» What the task asks
Without changing a thing, reproduce the entire listing and leave out its pictures.

» Data below
-----
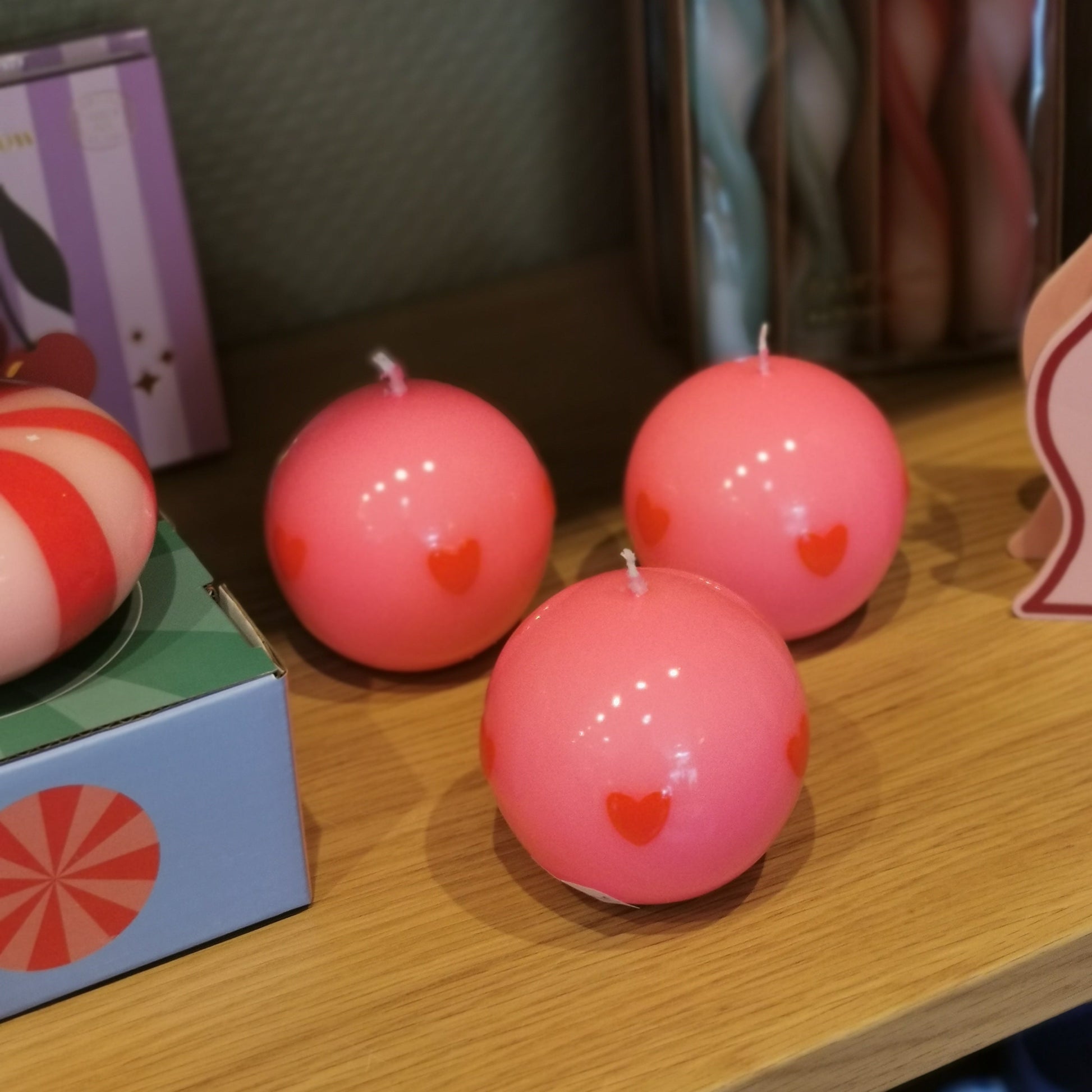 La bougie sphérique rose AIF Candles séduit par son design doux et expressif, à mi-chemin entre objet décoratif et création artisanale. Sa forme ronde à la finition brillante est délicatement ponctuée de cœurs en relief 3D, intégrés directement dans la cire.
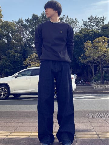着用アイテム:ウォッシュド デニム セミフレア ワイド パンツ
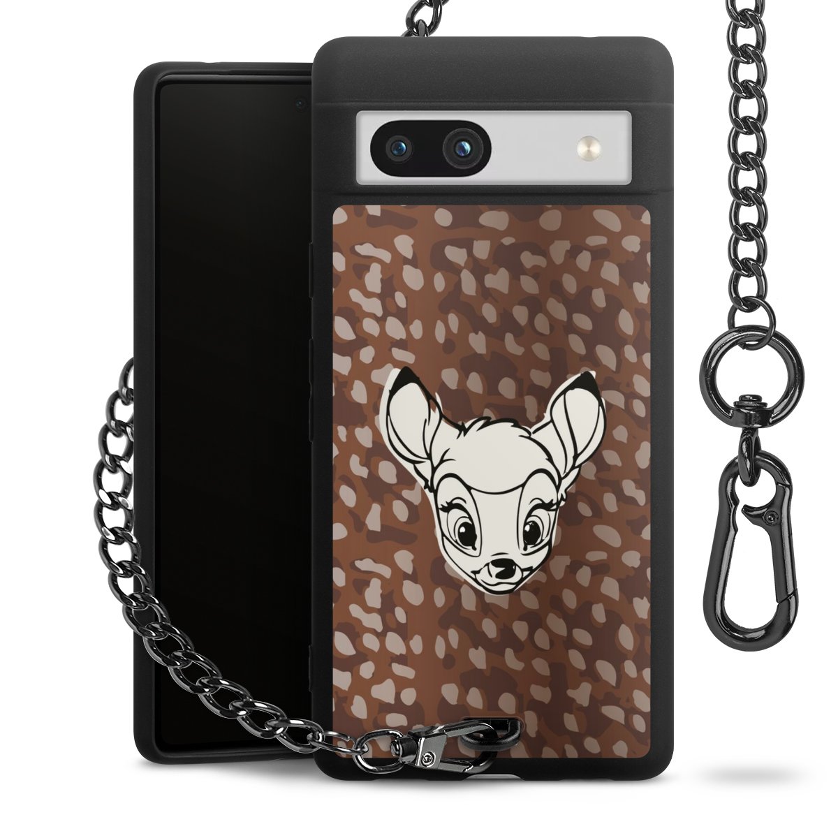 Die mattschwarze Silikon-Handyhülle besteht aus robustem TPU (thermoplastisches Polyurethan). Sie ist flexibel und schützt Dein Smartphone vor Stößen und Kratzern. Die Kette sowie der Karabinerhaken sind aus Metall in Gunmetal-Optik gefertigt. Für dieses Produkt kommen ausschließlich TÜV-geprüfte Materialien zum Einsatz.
-----
» Written solution
 La bougie sphérique rose AIF Candles séduit par son design doux et expressif, à mi-chemin entre objet décoratif et création artisanale. Sa forme ronde à la finition brillante est délicatement ponctuée de cœurs en relief 3D, intégrés directement dans la cire.
着用アイテム:ウォッシュド デニム セミフレア ワイド パンツ
 Die mattschwarze Silikon-Handyhülle besteht aus robustem TPU (thermoplastisches Polyurethan). Sie ist flexibel und schützt Dein Smartphone vor Stößen und Kratzern. Die Kette sowie der Karabinerhaken sind aus Metall in Gunmetal-Optik gefertigt. Für dieses Produkt kommen ausschließlich TÜV-geprüfte Materialien zum Einsatz.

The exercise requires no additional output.